I agree with the City with regard to most of the Appellants. See Bodie v. City of Columbia, 934 F.2d 561, 564 (4th Cir. 1991) (en banc) (quoting with approval statement in Shepler v. Crucible Fuel Co., 140 F.2d 371, 374 (3d Cir.1944), that “continuance in an employment under a new method of computing pay creates a new contract and that the employee’s consent to the new arrangement may be found from the continuance” (internal quotation marks omitted)); id. at 566 (citing with approval General Electric Co. v. Porter, 208 F.2d 805, 813 (9th Cir.1953), which held that employees, by continuing to work, implicitly agreed to employer’s unilateral change in method of payment that resulted in employees no longer receiving overtime). But see Mumbower v. Callicott, 526 F.2d 1183, 1187 (8th Cir.1975) (holding that an agreed-upon salary for agreed-upon hours does not include a statutory overtime premium unless the employer proves that the parties explicitly agreed that it would); Brennan v. Elmer’s Disposal Serv., 510 F.2d 84, 86 n. 1, 88 (9th Cir.1975) (same). The record here demonstrates that most of the Appellants claim that their FLSA rights had been violated for at least three years, see Rule 26(a)(1) Disclosures of Pis., Richard L. Fulmer, et al., at 2-6 (filed Dec. 2, 2002), a sufficient time to establish as a matter of law their awareness of the City’s regular rate computation and their implied consent to that calculation.

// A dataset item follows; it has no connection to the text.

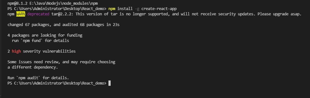 第二步下载使用npm下载脚手架这个工具:npm install -g create-react-app (卸载下载好的脚手架:npm uninstall -g create-react-app)

Appellants argue, however, that there is no basis to impute knowledge of, and agreement to, the City’s payment methods to all Appellants. Indeed, I can find no evidence in the record regarding how long *464Carney and Smith worked for the City prior to joining this lawsuit. As far as the record reflects, these employees may have promptly joined in this suit shortly after beginning work with the City. Considering that each of the Appellants bargained separately with the City and was not part of a collective bargaining unit, I would hold that the City failed to prove as a matter of law that Carney and Smith agreed—implicitly or otherwise—that their base salary already included statutory overtime premiums. I therefore respectfully dissent from the majority opinion to the extent that it holds to the contrary.

. Section 778.325 explains, for example, that when an employee whose maximum hours standard is 40 (such as Appellants) is hired at a salary of $275 per week for 55 hours, he is entitled to receive the $275 for a 55-hour workweek plus a statutory overtime premium for each of the 15 hours he worked in excess of 40.

. It also appears that the majority may place the burden on Appellants to prove the nonexistence of such agreements. See ante, at 461 ("There is simply no evidence to support the firefighters’ contention that they did not agree for their annual pay to include an overtime premium.”). But, in fact, the City bears the burden of proving the existence of the agreements because the City is attempting to use the agreements to justify its exclusion of a portion of Appellants’ wages in determining Appellants’ regular rates. See 29 U.S.C.A. § 207(e)(5); cf. Clark v. J.M. Benson Co., 789 F.2d 282, 286 (4th Cir.1986) (holding that employer bears the burden of proving applicability of FLSA exemptions). The City correctly conceded as much at oral argument.